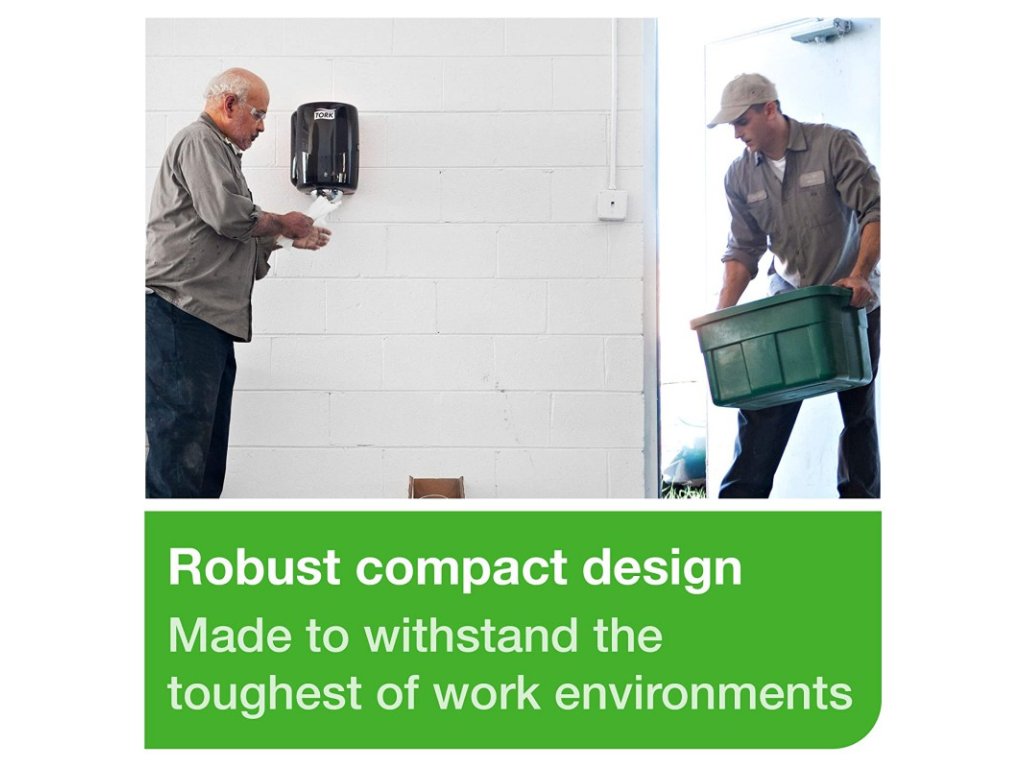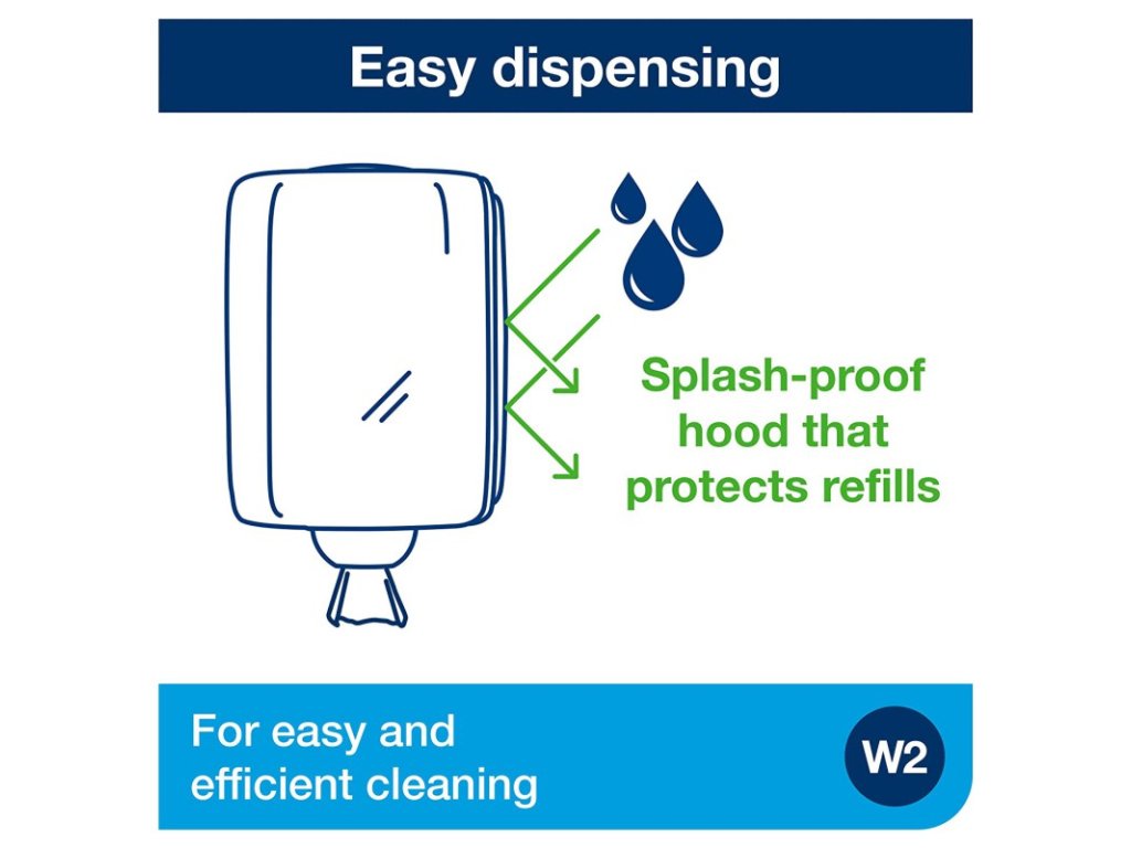 - Hygienický zásobník pro Maxi role se středovým odvíjením, který je optimalizován pro obsluhu jednou rukou.
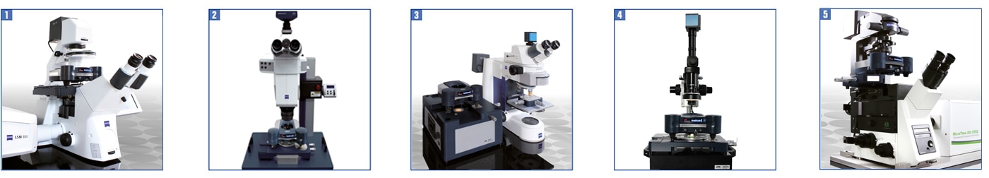 NanoWizard® 4 XP setups on Zeiss LSM 880 confocal microscope with Airyscan (1), with Upright Fluorescence Microscope (UFM) Kit for tissues or other large samples such as organs (2), with BioMAT Workstation for high NA optics and Zeiss Axio Imager (3), with TopviewOptics (4) and on Olympus with PicoQuant MicroTime 200 STED (5).
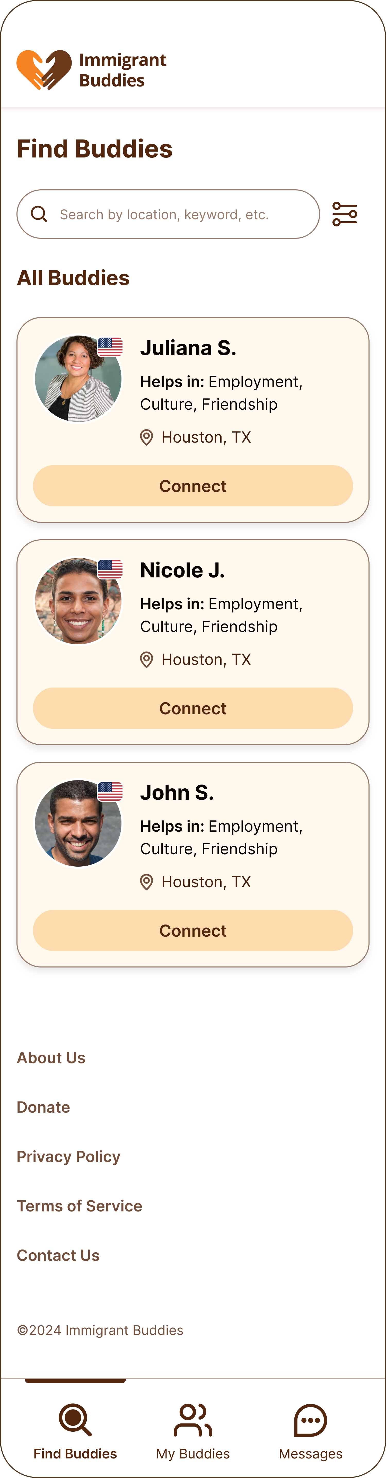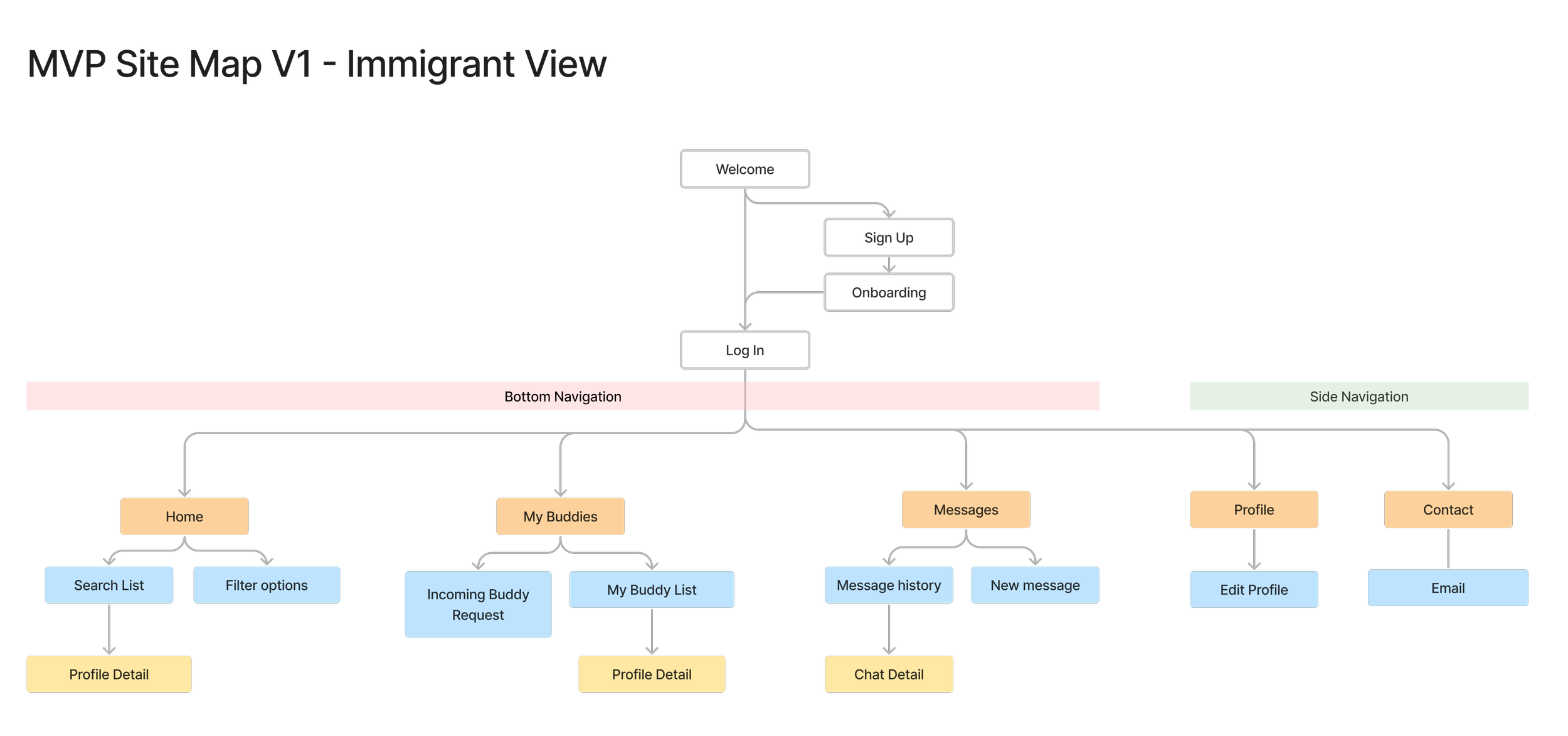User flows were created by my fellow designer, Alison. The flows for immigrants and buddies can be viewed here.
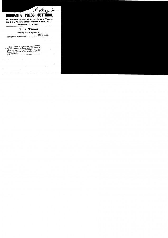 The Times. Queen Marie of Romania, the Infante Alfonso and Infanta Beatrice of Spain visited de László's studio on Thursday afternoon
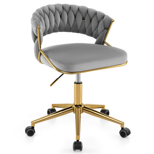 360?° Height Adjustable Swivel Upholstered Desk Computer Chair with Hand-woven Back-Gray – Color: Gray
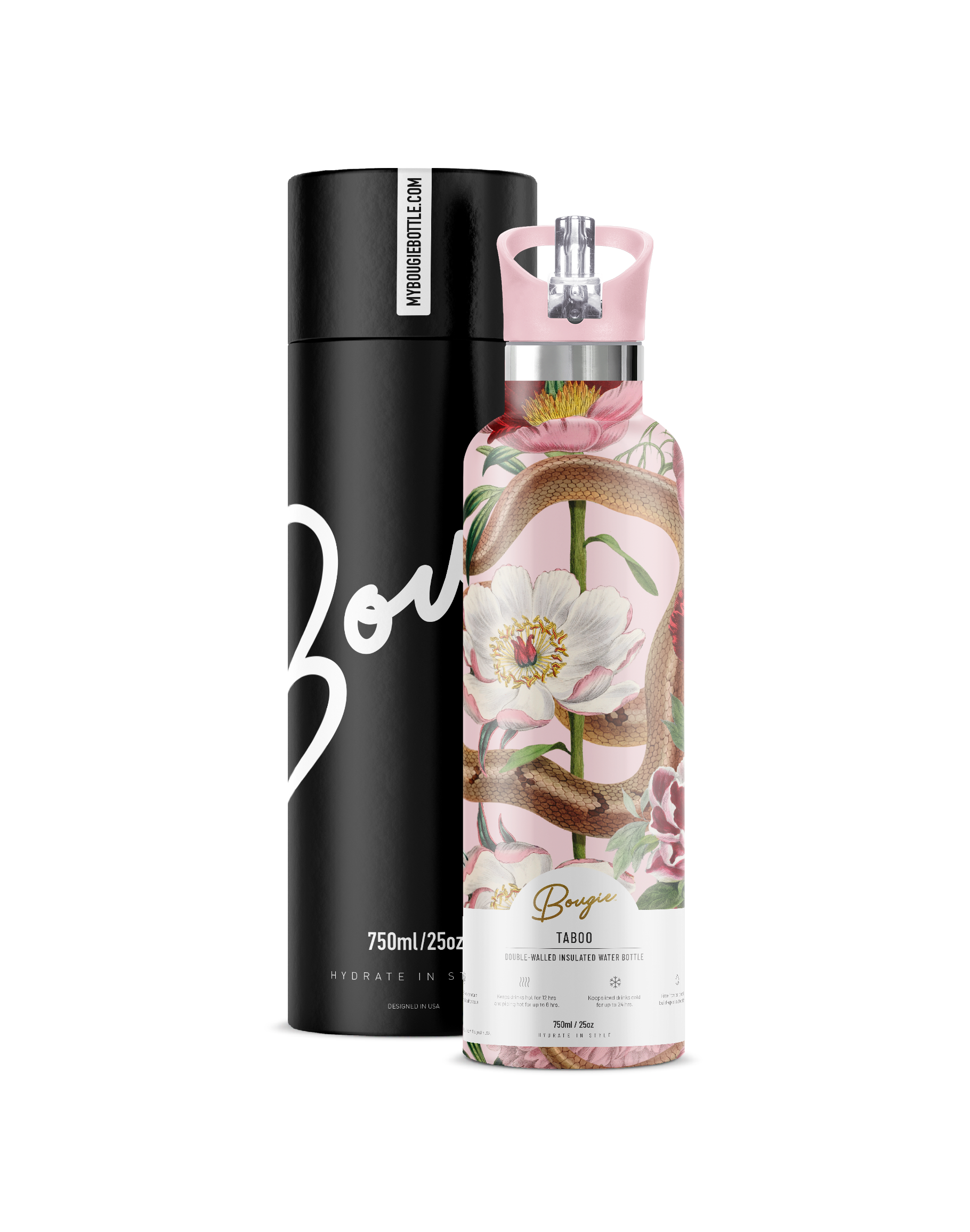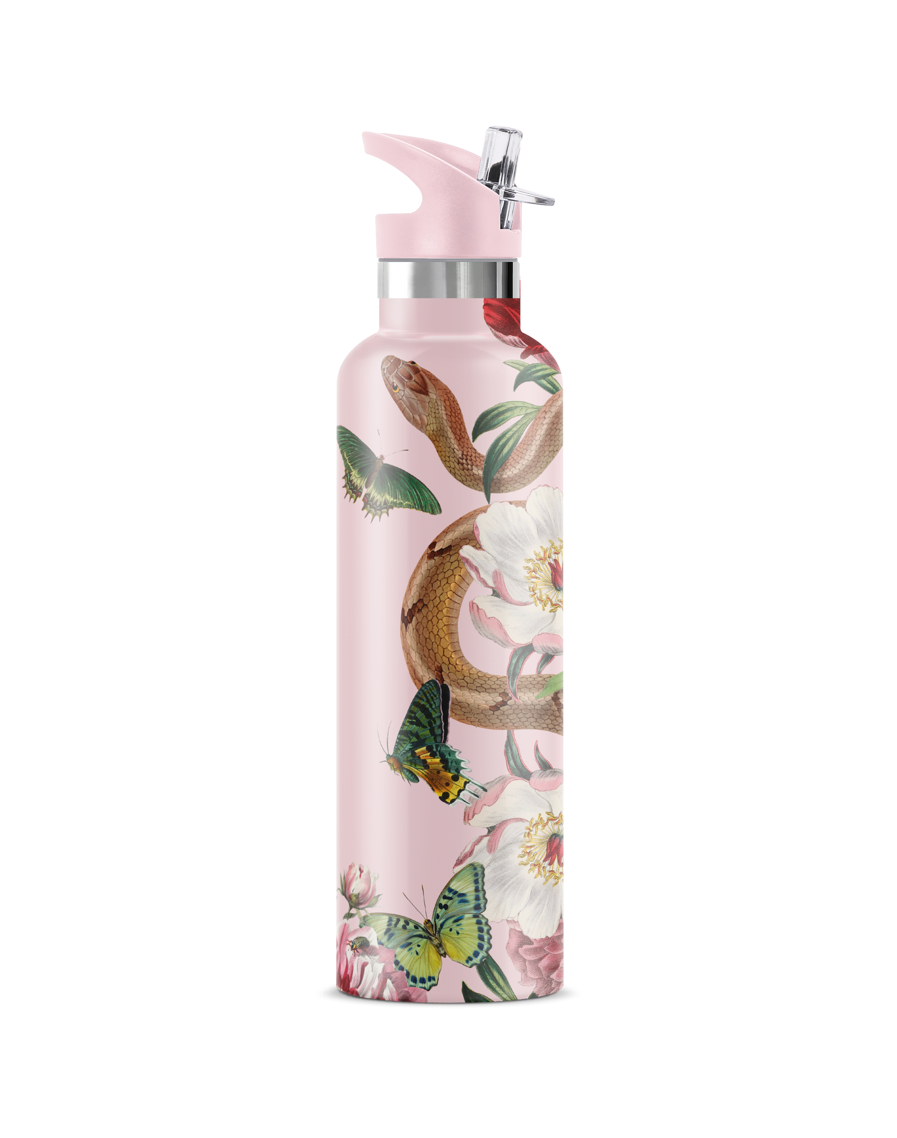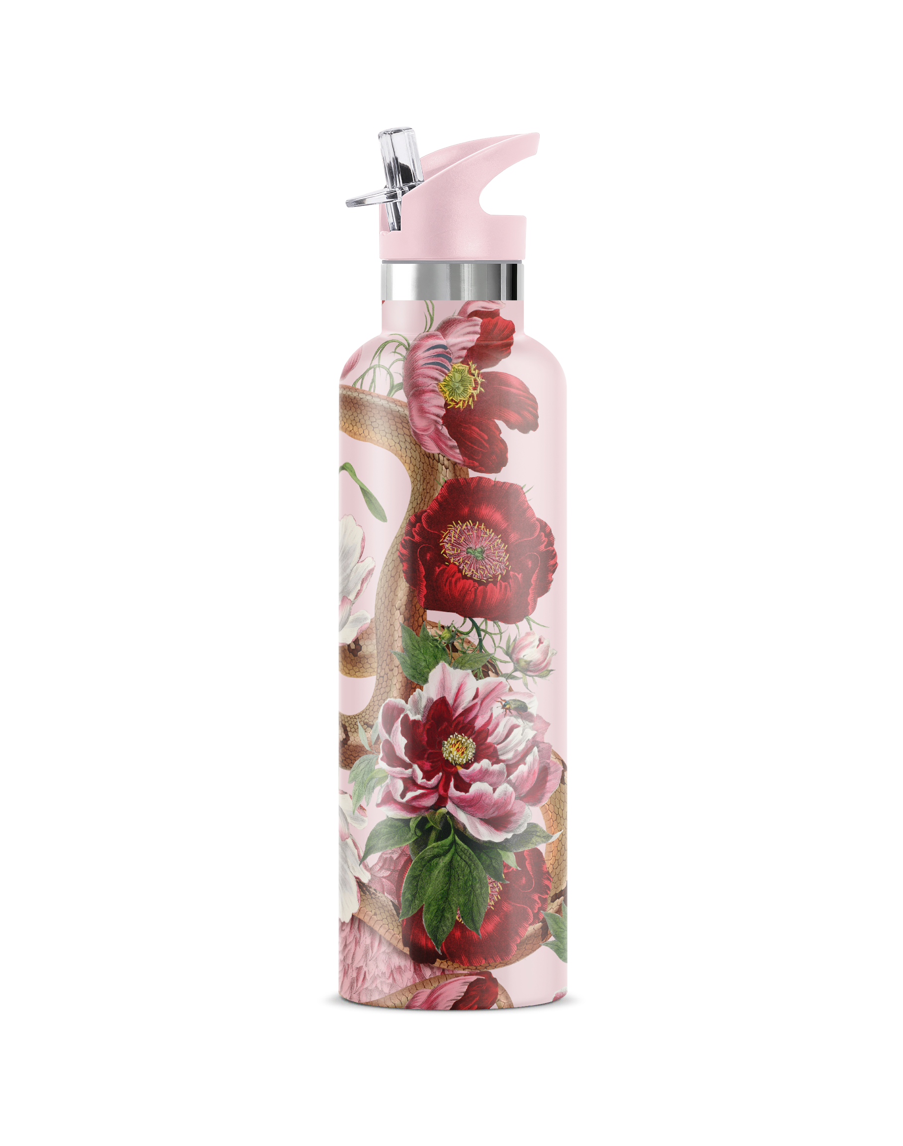 Stay refreshed in style with this 25 oz insulated water bottle inspired by snakes and flowers. Includes a leak-proof Flip 'n' Sip Lid and reusable BPA-free straws, and features a scratch-resistant graphic wrap, easy to carry handle, and double-walled insulation to keep drinks cold for up to 24hrs and hot for up to 12hrs. Eco-friendly and FDA approved. FUN FACT: It holds a full bottle of wine!

(EXERCISE DIRECTIONS)
Without the pictures, return the records above exactly as given.

(WRITTEN REPLY)
 - Hygienický zásobník pro Maxi role se středovým odvíjením, který je optimalizován pro obsluhu jednou rukou.
 NanoWizard® 4 XP setups on Zeiss LSM 880 confocal microscope with Airyscan (1), with Upright Fluorescence Microscope (UFM) Kit for tissues or other large samples such as organs (2), with BioMAT Workstation for high NA optics and Zeiss Axio Imager (3), with TopviewOptics (4) and on Olympus with PicoQuant MicroTime 200 STED (5).
User flows were created by my fellow designer, Alison. The flows for immigrants and buddies can be viewed here.
 The Times. Queen Marie of Romania, the Infante Alfonso and Infanta Beatrice of Spain visited de László's studio on Thursday afternoon
 360?° Height Adjustable Swivel Upholstered Desk Computer Chair with Hand-woven Back-Gray – Color: Gray
 Stay refreshed in style with this 25 oz insulated water bottle inspired by snakes and flowers. Includes a leak-proof Flip 'n' Sip Lid and reusable BPA-free straws, and features a scratch-resistant graphic wrap, easy to carry handle, and double-walled insulation to keep drinks cold for up to 24hrs and hot for up to 12hrs. Eco-friendly and FDA approved. FUN FACT: It holds a full bottle of wine!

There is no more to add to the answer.